#### PROBLEM:
Restate all data exactly. No images.
*** DATA TO EXAMINE Section Begins ***
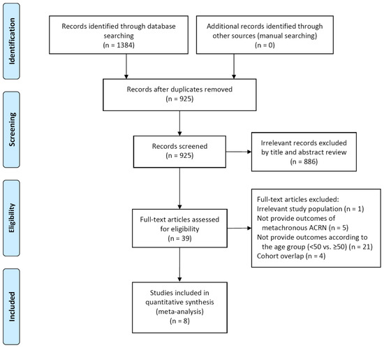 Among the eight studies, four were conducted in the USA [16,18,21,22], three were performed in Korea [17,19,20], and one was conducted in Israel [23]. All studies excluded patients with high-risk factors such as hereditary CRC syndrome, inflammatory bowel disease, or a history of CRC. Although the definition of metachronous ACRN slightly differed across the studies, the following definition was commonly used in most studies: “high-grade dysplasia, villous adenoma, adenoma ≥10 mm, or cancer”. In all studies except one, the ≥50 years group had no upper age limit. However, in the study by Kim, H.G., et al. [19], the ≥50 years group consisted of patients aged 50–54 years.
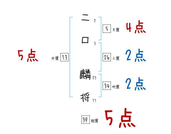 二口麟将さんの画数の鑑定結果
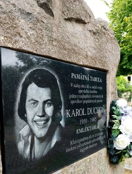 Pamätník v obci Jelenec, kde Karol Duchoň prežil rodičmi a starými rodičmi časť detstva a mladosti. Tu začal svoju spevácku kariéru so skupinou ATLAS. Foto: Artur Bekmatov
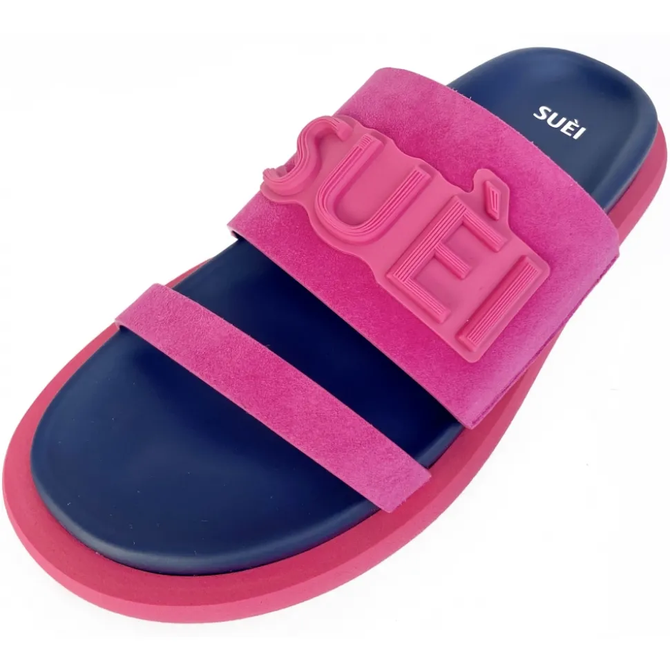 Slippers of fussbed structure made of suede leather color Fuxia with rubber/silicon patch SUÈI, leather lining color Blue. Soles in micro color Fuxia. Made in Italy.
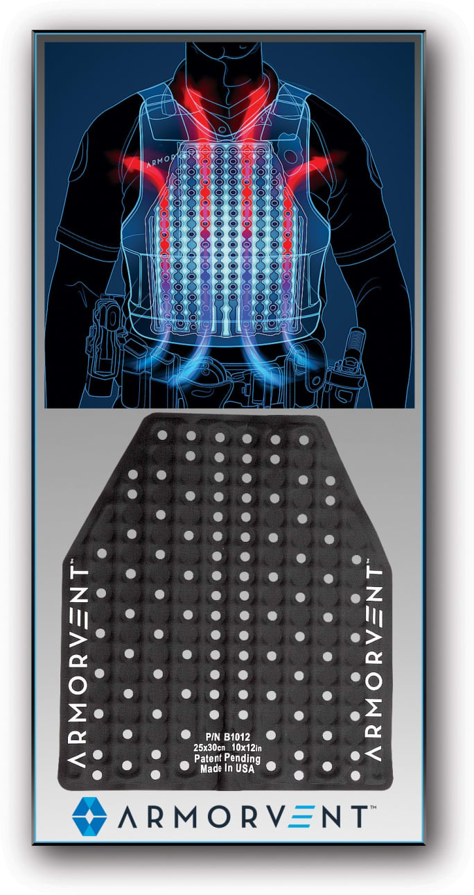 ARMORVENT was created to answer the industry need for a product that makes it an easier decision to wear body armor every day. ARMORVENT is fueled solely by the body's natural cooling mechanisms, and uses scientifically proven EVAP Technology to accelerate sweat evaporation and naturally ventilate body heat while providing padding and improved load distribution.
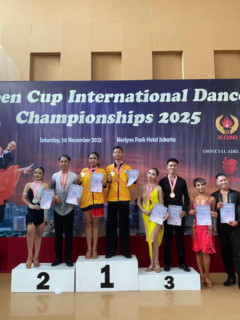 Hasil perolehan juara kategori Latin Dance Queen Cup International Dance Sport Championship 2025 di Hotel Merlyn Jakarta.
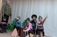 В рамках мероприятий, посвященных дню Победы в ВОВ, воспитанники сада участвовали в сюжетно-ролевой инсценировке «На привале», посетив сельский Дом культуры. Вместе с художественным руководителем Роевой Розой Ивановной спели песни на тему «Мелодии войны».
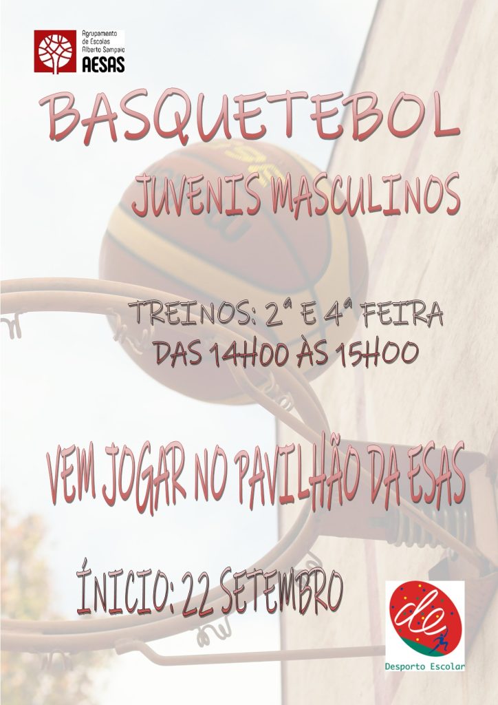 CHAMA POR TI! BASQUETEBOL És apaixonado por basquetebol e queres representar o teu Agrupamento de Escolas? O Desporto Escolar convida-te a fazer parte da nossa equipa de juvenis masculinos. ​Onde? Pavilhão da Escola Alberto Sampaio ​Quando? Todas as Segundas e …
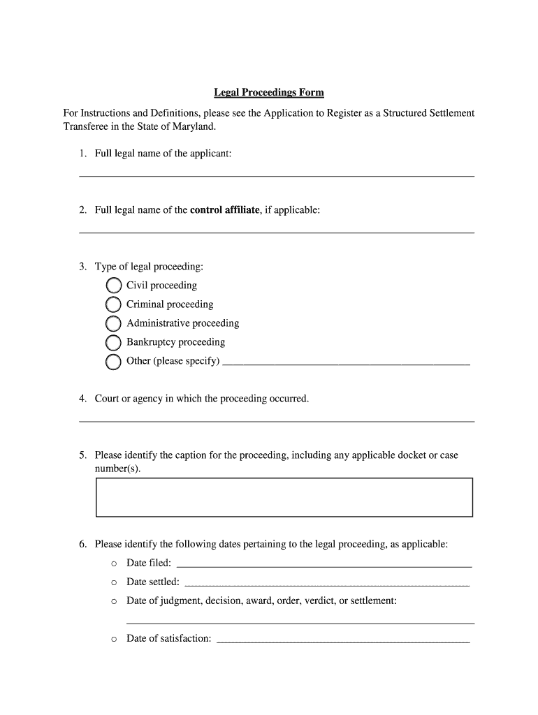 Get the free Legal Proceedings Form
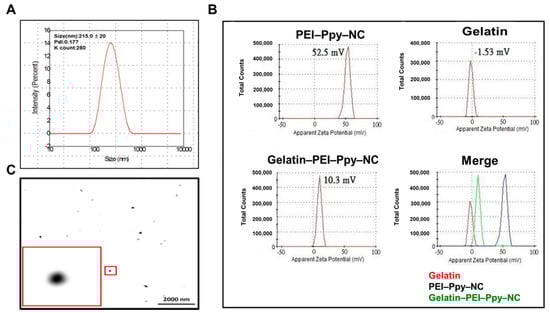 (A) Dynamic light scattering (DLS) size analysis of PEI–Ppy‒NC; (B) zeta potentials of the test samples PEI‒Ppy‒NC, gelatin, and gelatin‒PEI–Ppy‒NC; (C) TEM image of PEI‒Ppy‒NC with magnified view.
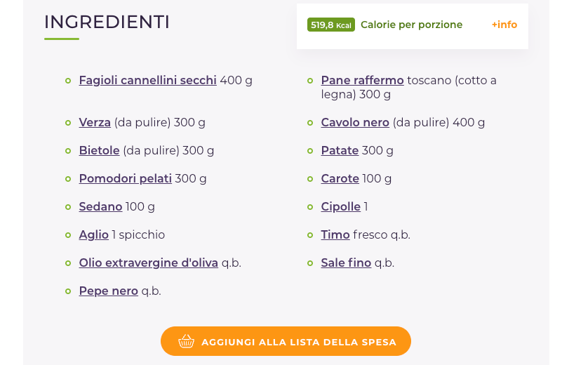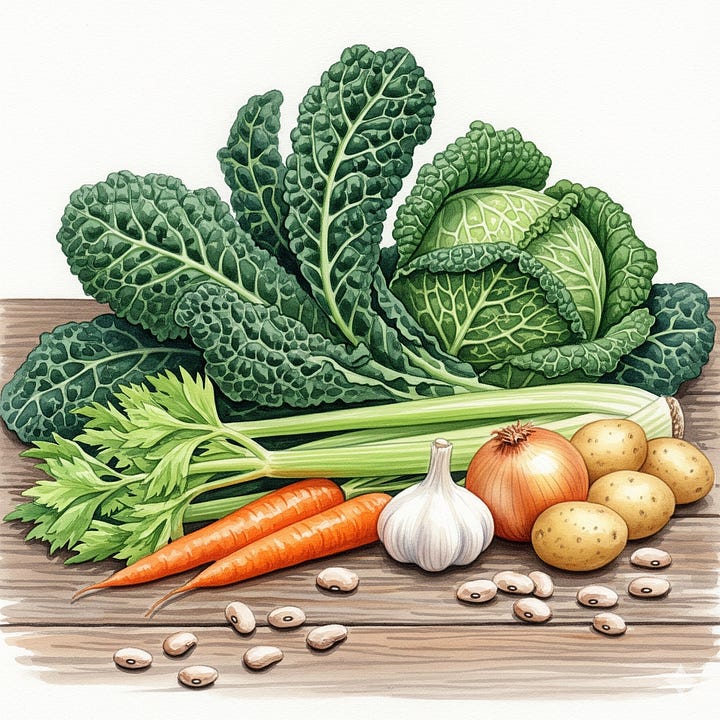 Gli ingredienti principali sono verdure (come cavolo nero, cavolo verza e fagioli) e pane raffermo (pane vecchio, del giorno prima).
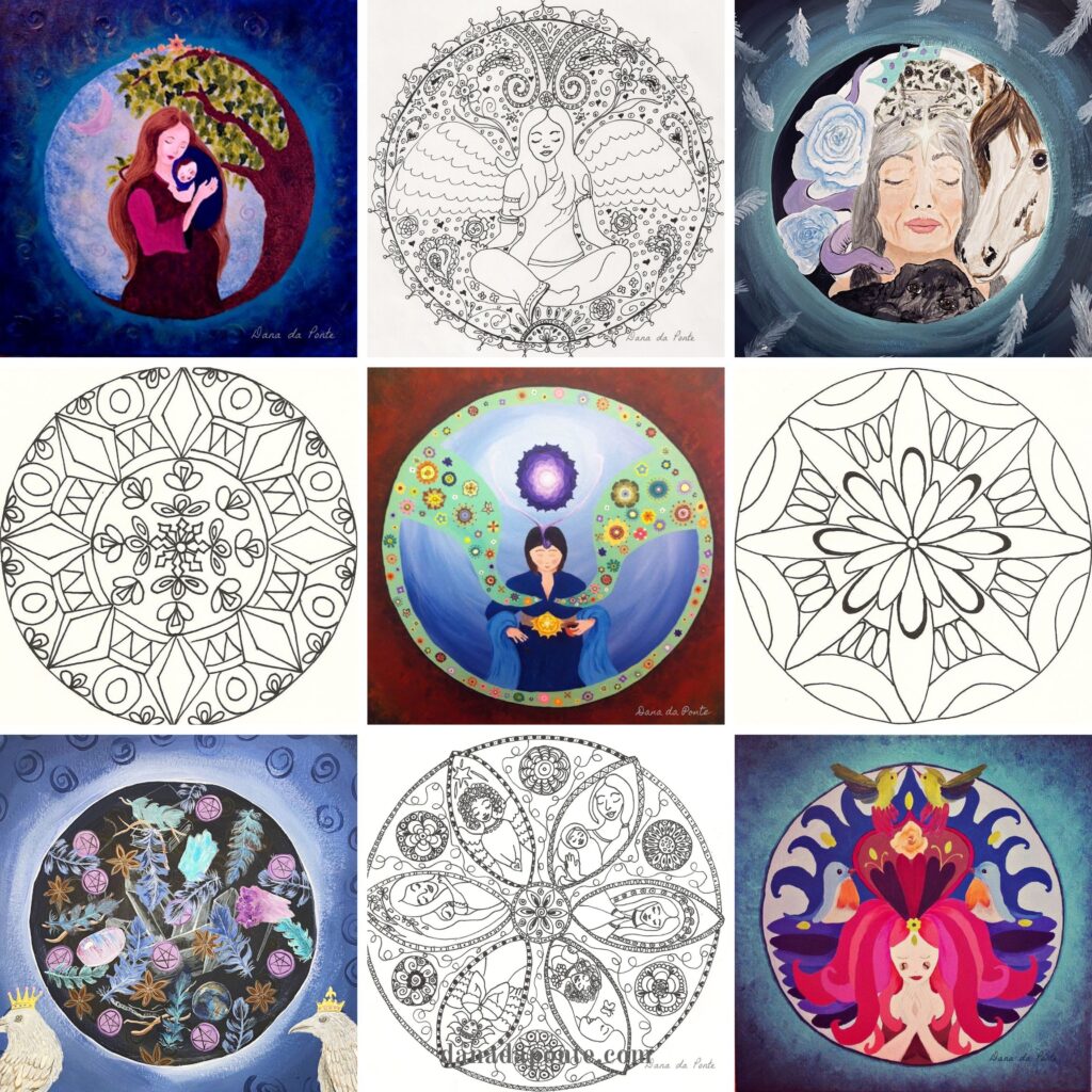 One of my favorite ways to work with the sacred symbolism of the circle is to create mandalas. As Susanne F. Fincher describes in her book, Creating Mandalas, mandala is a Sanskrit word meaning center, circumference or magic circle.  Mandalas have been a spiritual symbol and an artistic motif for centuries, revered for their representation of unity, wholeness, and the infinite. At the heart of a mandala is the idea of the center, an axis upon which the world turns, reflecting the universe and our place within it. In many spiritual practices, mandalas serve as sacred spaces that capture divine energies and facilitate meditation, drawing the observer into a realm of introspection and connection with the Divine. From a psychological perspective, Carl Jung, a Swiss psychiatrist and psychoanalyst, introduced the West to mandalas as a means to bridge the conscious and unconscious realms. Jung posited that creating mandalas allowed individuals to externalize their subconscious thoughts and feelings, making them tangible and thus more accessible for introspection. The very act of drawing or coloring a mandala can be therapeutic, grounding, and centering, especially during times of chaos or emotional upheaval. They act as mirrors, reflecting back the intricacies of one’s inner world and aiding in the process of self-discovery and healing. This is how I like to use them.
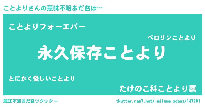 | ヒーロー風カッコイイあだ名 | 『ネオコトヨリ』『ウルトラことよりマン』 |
*** DATA TO EXAMINE Section Ends ***
#### ANSWER TO THIS PROBLEM:
 Among the eight studies, four were conducted in the USA [16,18,21,22], three were performed in Korea [17,19,20], and one was conducted in Israel [23]. All studies excluded patients with high-risk factors such as hereditary CRC syndrome, inflammatory bowel disease, or a history of CRC. Although the definition of metachronous ACRN slightly differed across the studies, the following definition was commonly used in most studies: “high-grade dysplasia, villous adenoma, adenoma ≥10 mm, or cancer”. In all studies except one, the ≥50 years group had no upper age limit. However, in the study by Kim, H.G., et al. [19], the ≥50 years group consisted of patients aged 50–54 years.
 二口麟将さんの画数の鑑定結果
 Pamätník v obci Jelenec, kde Karol Duchoň prežil rodičmi a starými rodičmi časť detstva a mladosti. Tu začal svoju spevácku kariéru so skupinou ATLAS. Foto: Artur Bekmatov
 Slippers of fussbed structure made of suede leather color Fuxia with rubber/silicon patch SUÈI, leather lining color Blue. Soles in micro color Fuxia. Made in Italy.
 ARMORVENT was created to answer the industry need for a product that makes it an easier decision to wear body armor every day. ARMORVENT is fueled solely by the body's natural cooling mechanisms, and uses scientifically proven EVAP Technology to accelerate sweat evaporation and naturally ventilate body heat while providing padding and improved load distribution.
 Hasil perolehan juara kategori Latin Dance Queen Cup International Dance Sport Championship 2025 di Hotel Merlyn Jakarta.
 В рамках мероприятий, посвященных дню Победы в ВОВ, воспитанники сада участвовали в сюжетно-ролевой инсценировке «На привале», посетив сельский Дом культуры. Вместе с художественным руководителем Роевой Розой Ивановной спели песни на тему «Мелодии войны».
 CHAMA POR TI! BASQUETEBOL És apaixonado por basquetebol e queres representar o teu Agrupamento de Escolas? O Desporto Escolar convida-te a fazer parte da nossa equipa de juvenis masculinos. ​Onde? Pavilhão da Escola Alberto Sampaio ​Quando? Todas as Segundas e …
 Get the free Legal Proceedings Form
 (A) Dynamic light scattering (DLS) size analysis of PEI–Ppy‒NC; (B) zeta potentials of the test samples PEI‒Ppy‒NC, gelatin, and gelatin‒PEI–Ppy‒NC; (C) TEM image of PEI‒Ppy‒NC with magnified view.
 Gli ingredienti principali sono verdure (come cavolo nero, cavolo verza e fagioli) e pane raffermo (pane vecchio, del giorno prima).
 One of my favorite ways to work with the sacred symbolism of the circle is to create mandalas. As Susanne F. Fincher describes in her book, Creating Mandalas, mandala is a Sanskrit word meaning center, circumference or magic circle.  Mandalas have been a spiritual symbol and an artistic motif for centuries, revered for their representation of unity, wholeness, and the infinite. At the heart of a mandala is the idea of the center, an axis upon which the world turns, reflecting the universe and our place within it. In many spiritual practices, mandalas serve as sacred spaces that capture divine energies and facilitate meditation, drawing the observer into a realm of introspection and connection with the Divine. From a psychological perspective, Carl Jung, a Swiss psychiatrist and psychoanalyst, introduced the West to mandalas as a means to bridge the conscious and unconscious realms. Jung posited that creating mandalas allowed individuals to externalize their subconscious thoughts and feelings, making them tangible and thus more accessible for introspection. The very act of drawing or coloring a mandala can be therapeutic, grounding, and centering, especially during times of chaos or emotional upheaval. They act as mirrors, reflecting back the intricacies of one’s inner world and aiding in the process of self-discovery and healing. This is how I like to use them.
 | ヒーロー風カッコイイあだ名 | 『ネオコトヨリ』『ウルトラことよりマン』 |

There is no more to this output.